ASA suggests Premier League managers appeal to under-18s in ruling against Ladbrokes
One tweet featured two images of Newcastle United manager Eddie Howe, while the other offered odds on the “next manager to leave,” alongside images of David Moyes, Frank Lampard, Brendan Rodgers and Gary O’Neil.
Ladbrokes said the first tweet was intended as editorial content, as it contained no calls to action, promotional offers or links directing customers to its website.
It added that Eddie Howe’s online presence and career record had been considered when making the post, providing links to relevant Facebook, Twitter and Instagram accounts, each of which had fewer than 1,000 followers.
The operator concluded therefore that “because Eddie Howe had a modest online presence and much of his managerial career had been spent outside of the Premier League, it was unlikely that he would appeal strongly to under-18s.”
The second tweet, Ladbrokes acknowledged, was commercial in nature and should not have included imagery of the managers.
The brand has since “taken steps to ensure that content of that nature would be reviewed more thoroughly to ensure future ads would comply with the advertising rules,” it said.
The ASA upheld challenges against Ladbrokes on both counts.
“Managers of Premier League football teams were considered high risk” under UK advertising rules, it said, in terms of how likely they were to appeal to under-18s.
It argued its point due to the popularity of football among young people, given it is “an activity in which a very significant proportion of under-18s participated directly on a frequent basis, and had a general interest in through following professional teams and players across a variety of media.”The managers featured in Ladbrokes’ ads were, at the time of publication, “all current Premier League managers and would be well known to those who followed football, and in particular fans of the clubs they managed, including children.

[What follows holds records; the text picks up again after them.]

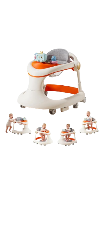 This baby walker is designed to support your little oneβs first steps while keeping them safe, comfortable, and entertained. Built with a sturdy frame and a wide base for added stability, it helps prevent tipping as your baby moves around with confidence. The padded seat offers gentle support and can be height-adjusted to grow with your child, while smooth-rolling wheels allow easy movement across different floor surfaces. Featuring a playful activity tray with engaging toys and sounds, this walker encourages sensory development and motor skills, making learning to walk a fun and enjoyable experience for both baby and parents.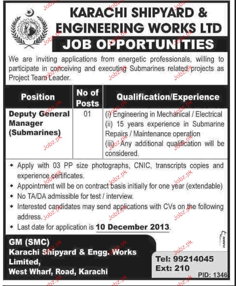 Deputy General Manager Job In Karachi Shipyard & Engineering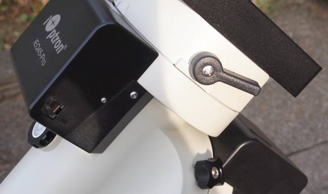 Hier sieht man die neuen Motorgehäuse, den Klemmhebel für die Dec Achse, zwei der vier Sterngriffe für die Klemmung der RA Achse.Die Gegengewichtsstange (28 mm Durchmesser) wird bei der ieq45 seit jeher so verstaut, dass man sie von oben durch den Sattel steckt und einschraubt.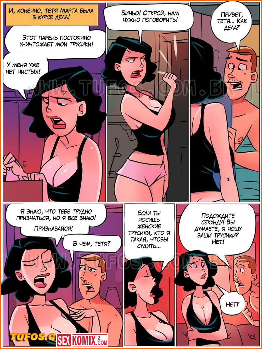 Порно комикс Дом мамы Джоаны. Часть 3. Трусики тети Марты. Парень частенько дрочит на нюхая трусики своей тети, он представляет, как трахает её. Но половину трусиков не возвращает. Когда женщина узнала, что парень ворует её трусики, то решила проучить сорванца.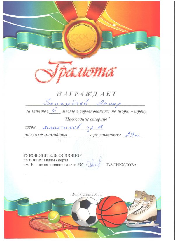 2 «Ә» оқушысы Төлеубаев Аңсар шорт – трек жарысына қатысып ІІІ жүлделі орынды жеңіп алды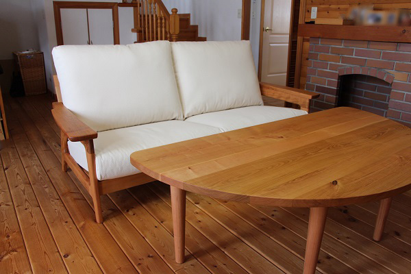 寄り添う♬山桜ソファ&半円テーブル 【セミオーダー】◆山桜を使った家具 納品ブログ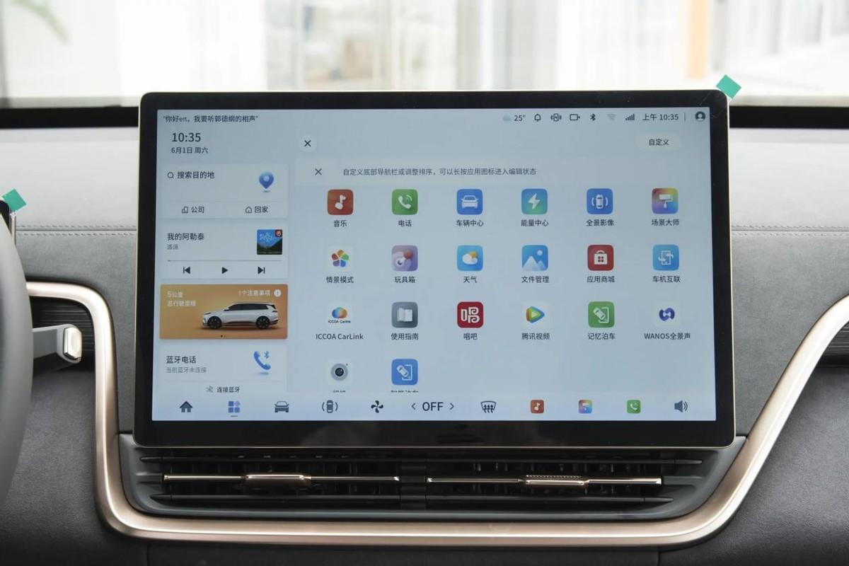 方向盤為雙輻式設計,下方是全液晶儀表盤,搭配15.6英寸的懸浮式中控屏之后,車內的科技效果很強。車機的UI設計和流暢度表現(xiàn)都不錯,使用了高通驍龍8155芯片,操作起來很絲滑,功能也足夠豐富,導航以及各種多媒體app都有配備。此外車機語音識別控制功能表現(xiàn)也不錯,我分別使用四川話和普通話發(fā)出語音指令,系統(tǒng)都可以準確識別并執(zhí)行,使用體驗還不錯。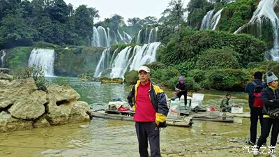 有世界第二大跨国瀑布---德天瀑布全景。以河中间为界,左边是越南,右边是中国。(越南那边是不收费的)。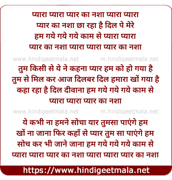 Lyrics of Pyara Pyara Pyar Ka Nasha - प्यारा प्यारा प्यार का नशा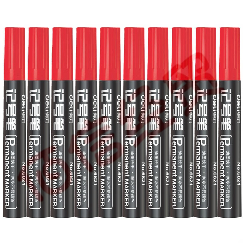 得力思達6821記號筆(紅)(10支/盒)5盒裝 油性粗頭記號筆物流黑色大頭筆 簽名筆馬克筆 自營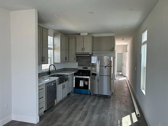 JUST DELIVERED! Beautiful 2 bed 1 bath 700 square foot home... brand spanking new at the gated Casa De Jardin gated 55+ community in Bellflower! This home comes with brand new stainless steel kitchen appliances, all vinyl flooring throughout, 9 foot ceilings, and ceiling fans installed in living room and master bedroom! Sleek and modern looking... you'll love this little home! You'll also have a brand new concrete driveway with full length awning for 3 car private off street parking... AC is included as well as a custom built storage shed painted to match the home! Anticipated to be ready for a mid September move in! FINANCING IS AVAILABLE! Call today to set up your viewing appointment and to learn how to make this home yours! All buyers must be approved for residency by park management!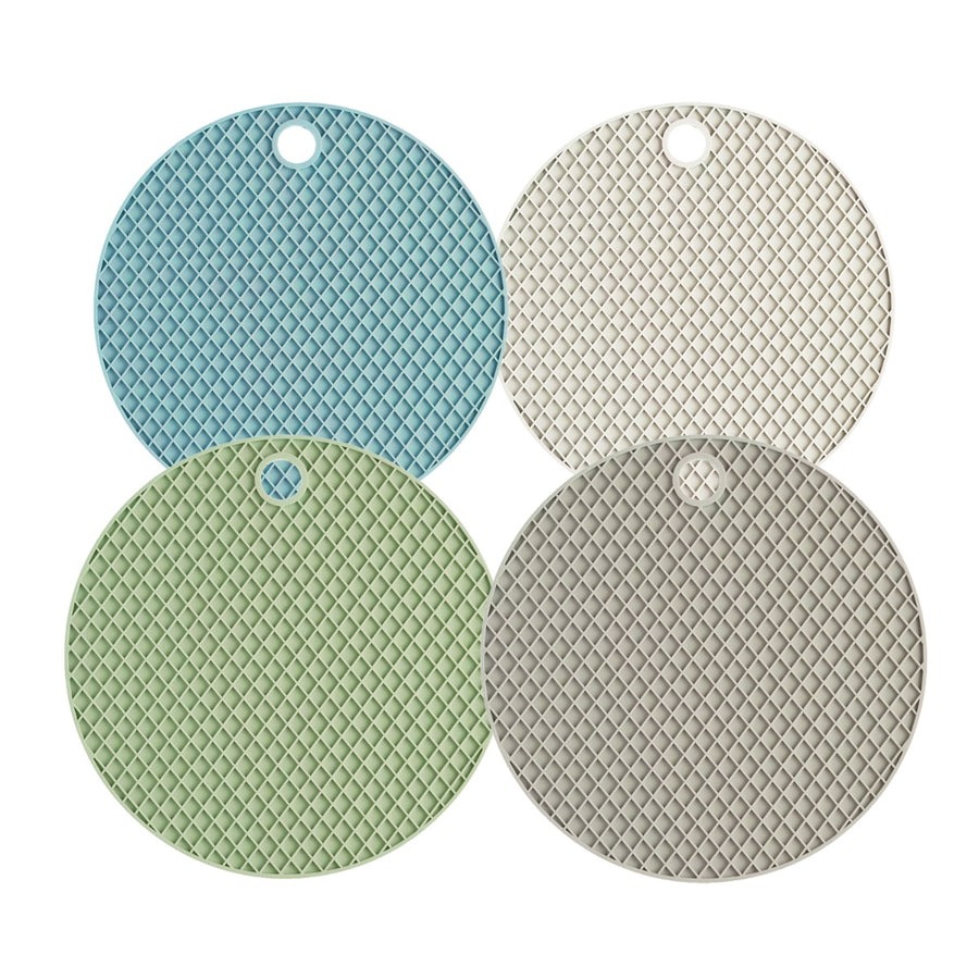 This set of trivets from Kitchencraft's colourworks range combine style and flexibility and are perfect for keeping hot pots and pans from damaging your work top! They are made from silicone and come as a pack of four in mint, green, cream & grey.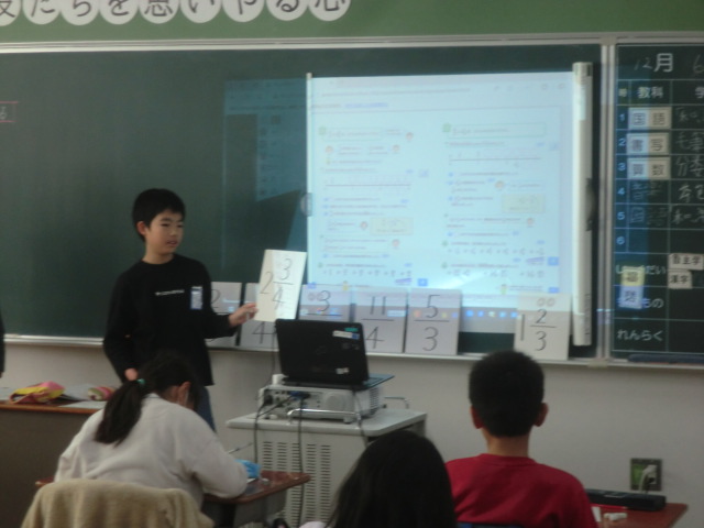 習ったことでも、大切な用語は意味を思い出してから、進むことは大切です。覚えていた人が丁寧に説明すると、「そうだった」「わかった」の声が上がります。素直にわからないこと、わすれたことを伝えあい、応え合うことは、学びの場で大切にしていきたいところです。4年生に学び合う空気が流れていました。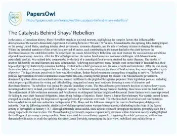 The Catalysts Behind Shays' Rebellion. (2024, May 21). Retrieved from https://hub.papersowl.com/examples/the-catalysts-behind-shays-rebellion/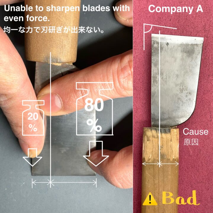 The blade could not be sharpened well, and the blade often became askew as shown in the image above.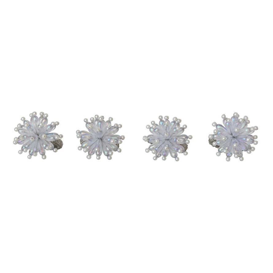 Catalog Name: 1-3/4" Round x 3"H Handmade Glass Beaded Metal Snowflake Napkin Rings, Iridescent Finish, Set of 4

“We considered based on those factors, that all five managers were likely to be of strong appeal to under-18s,” the ASA added.
Even considering Eddie Howe’s extremely limited online presence – whereas social media popularity has been cited as a high-risk factor in previous ASA rulings – the assessment could not be overridden, the authority said.
The ruling comes just one week after the ASA banned another Ladbrokes ad, featuring boxer and social media influencer Jake Paul.
Despite boxing being considered an adult-oriented sport, the authority ruled that Paul’s large following among under-18s meant he was “of inherent strong appeal” to children, and should not be used in gambling ads.
In another boxing-related ruling made recently, the ASA dismissed a complaint about a bet365 ad featuring Chris Eubank Jr., who was not considered to be of strong appeal to under-18s.
The ASA also published an additional ruling today (12 July), against online bingo brand Lights Camera Bingo, which is owned and operated by Jumpman Gaming.
On the brand’s website, when customers left to open another tab in their browser, a message saying “Hey! Come Back!” appeared in the open tab, in the place of the website’s name and logo.
Lights Camera Bingo said “the intention and only purpose behind the message was to alert a customer that the website had not been closed.”
The ASA ruled, however, that the wording of the message could encourage harmful gambling behaviour or exploit the susceptibilities of vulnerable people.
“We considered that such messaging, in the context of an ad for an online bingo service, could have the effect of encouraging some people to continue gambling when they would otherwise have stopped,” the authority said.